せっかく旅をしたなら、そこでしか食べられないものを食べる醍醐味がある一方で、暗黙に自分に課したルールにとらわれ、グルメで起きうる「入ってみたら美味しかった」みたいな偶然の副産物に出会えないことがある。
小田原在住の友人が、寿司屋だけどアジフライが美味しいという店に導いてくれる。ただ、お店に着くと、まさかの臨時休業の札。予期せぬ状況に怒るなんてことはないぜとロックンロール調なテンションになっているぼくに、友人は近くにあったネパールカレーのお店をおすすめしてくれた。
ネパール料理と、ここ小田原で(!?) はじめましてになるなんて…!と、心の中のボルテージが高まる中で、いざリングイン。お店に入った瞬間、インドカレーのお店とはちょっと違う雰囲気に心が踊る。
国旗のような旗のような布がガーランドになっていて、ネパール雑貨もレジ奥に陳列されている。まるで、ネパールに小旅行に来た気分だ。
ただ、ネパールカレー初心者のぼくには、インドカレーとネパールカレーのちがいは全く分からなかった。が、ネパールカレーの気分だったので、3択の法則にハマり、真ん中の値段のBランチ(3種のカレー)を注文する。
やってきたカレーは、中華のターンテーブルのような配置をしていた。
細長く甘味控えめのタイ米は、インドカレーとの違いをよく分からないままネパールカレーを注文したぼくでも、ちがいが分かる味。最初は馴染めなかったタイ米と少しずつ仲良くなれたのは、チキンカレーと大豆を使ったダルカレーのおかげ。羊を使ったマトンカレーはお子さま舌のぼくにとっては、まだ早かったけど。
友人とは、彼が普段やっていること、ここまでに辿ってきた道、ウェルビーイングのこと、そして人間関係についてなど、ストライクゾーン広くいろんな話をした。そんななかで、彼が伝えてくれた「社会や大きな世界ではなく、自分や自分に近しい人々、ご縁のある人に時間や力を使っていきたい」という言葉は、ラッシーの優しい味のようにスッと自分の中に広がっていく。

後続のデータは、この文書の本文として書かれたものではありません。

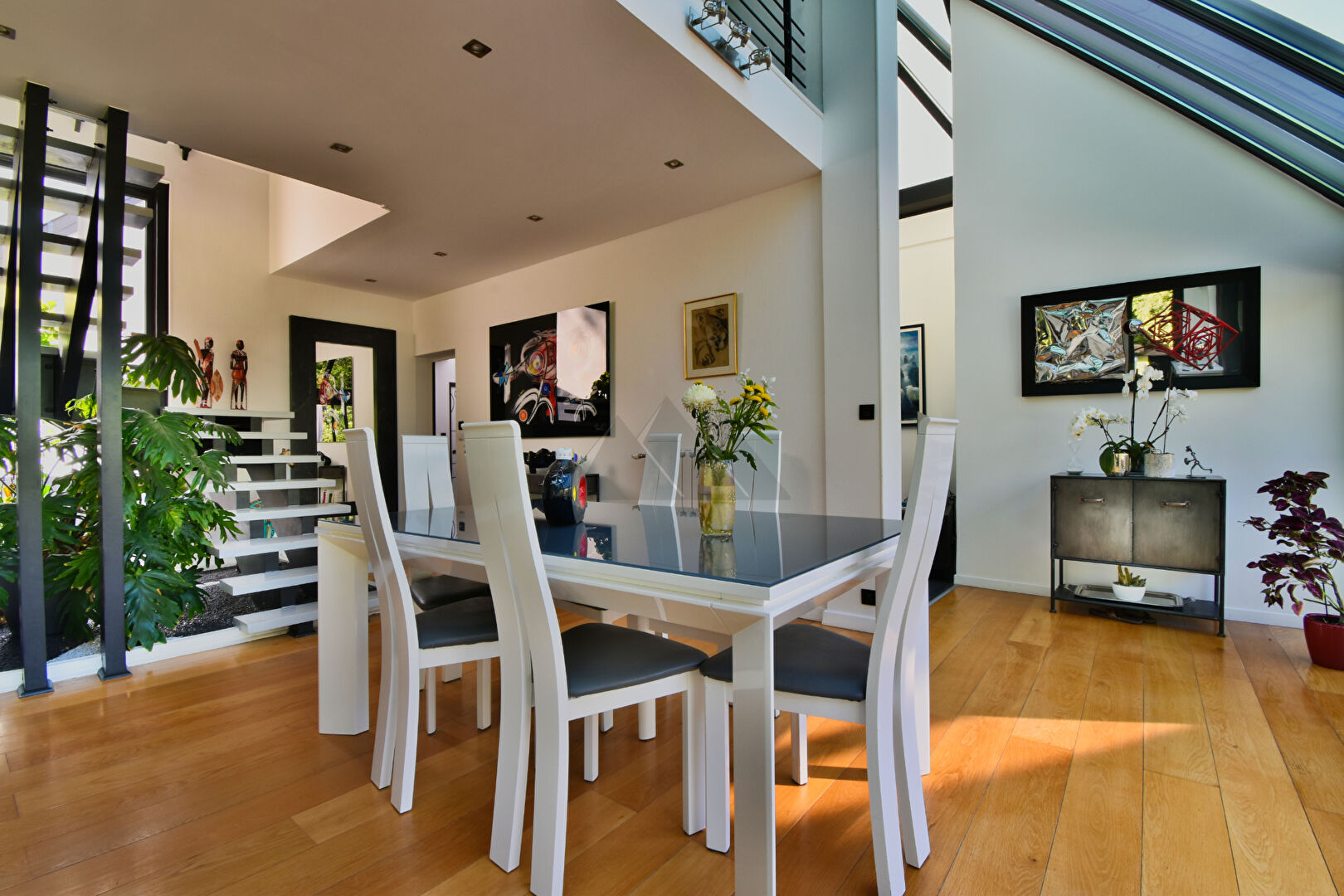 Le rez-de-chaussée se compose d'un vaste séjour double, lumineux et chaleureux, articulé autour d'un espace salon plus intime et d'une salle à manger tournée vers le jardin. La cuisine ouverte, dinatoire et entièrement équipée, offre un espace de convivialité idéal pour les repas en famille. Une suite parentale avec dressing et salle de bain (baignoire et douche), un bureau, ainsi qu'un WC indépendant complètent ce niveau.

遠くに広く、水面に波状を広げていくのが最初の目標になると、いつの間にか手前をないがしろにしてしまう。回転寿司でいうなれば、食べた枚数を増やすことに意識が向いてしまって、1皿ごとに味わえていないという感じ。家庭の食卓で例えれば、家族が作る料理を適当に食べるといった具合。

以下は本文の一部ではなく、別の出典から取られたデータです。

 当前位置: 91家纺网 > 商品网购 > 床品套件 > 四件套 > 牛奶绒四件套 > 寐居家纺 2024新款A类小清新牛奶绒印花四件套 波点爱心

今までは、近い関係の人は多少適当になっても大丈夫だろうと、たかをくくっていたが、家族やずっと気にかけてくれる友人、職場の同僚といった近い存在こそ、時間や感情を使っていきたい。ありがとう、美味しかったという言葉のギフトを常に届けるんだ。
食べている時間は、感性を磨き、想像力を育て、日常に感謝し、自分を見つめ直せるシンデレラタイムだ。そして、マリオのスターのように、シンデレラタイムをさらに忘れられない時間にしてくれるのが、人という存在なのかもしれない。

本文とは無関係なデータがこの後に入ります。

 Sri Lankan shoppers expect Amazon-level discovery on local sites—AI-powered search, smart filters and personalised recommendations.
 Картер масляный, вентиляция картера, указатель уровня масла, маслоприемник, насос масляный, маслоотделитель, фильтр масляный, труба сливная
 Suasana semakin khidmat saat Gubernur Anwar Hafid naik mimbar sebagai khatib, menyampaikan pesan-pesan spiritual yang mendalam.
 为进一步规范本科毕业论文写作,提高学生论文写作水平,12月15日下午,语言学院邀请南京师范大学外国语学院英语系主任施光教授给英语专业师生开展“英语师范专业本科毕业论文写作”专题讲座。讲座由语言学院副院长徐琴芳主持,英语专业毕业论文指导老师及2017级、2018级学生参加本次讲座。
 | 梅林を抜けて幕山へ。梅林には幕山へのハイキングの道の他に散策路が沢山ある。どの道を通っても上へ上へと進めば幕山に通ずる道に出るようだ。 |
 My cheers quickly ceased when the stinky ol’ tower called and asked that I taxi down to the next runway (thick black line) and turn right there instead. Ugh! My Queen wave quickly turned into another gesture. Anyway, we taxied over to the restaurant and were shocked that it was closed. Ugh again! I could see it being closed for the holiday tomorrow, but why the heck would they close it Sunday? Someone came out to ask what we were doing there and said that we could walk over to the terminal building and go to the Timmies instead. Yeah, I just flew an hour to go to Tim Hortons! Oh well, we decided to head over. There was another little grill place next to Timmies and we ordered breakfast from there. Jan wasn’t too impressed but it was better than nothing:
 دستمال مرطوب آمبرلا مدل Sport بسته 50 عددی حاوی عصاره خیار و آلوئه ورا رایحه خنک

それぞれが別の目的地へと向かうとき、手と手を重ねた。その手の温もりと、彼の大きな心のような手を感じながら、この1食がこの土地でないと出会えなかったものへと変わる。
ネパールのエベレストの裾野に広がる村のような、広い心を持ち合わせた彼への感謝の気持ちが残るうちに、ごちそうさまでした。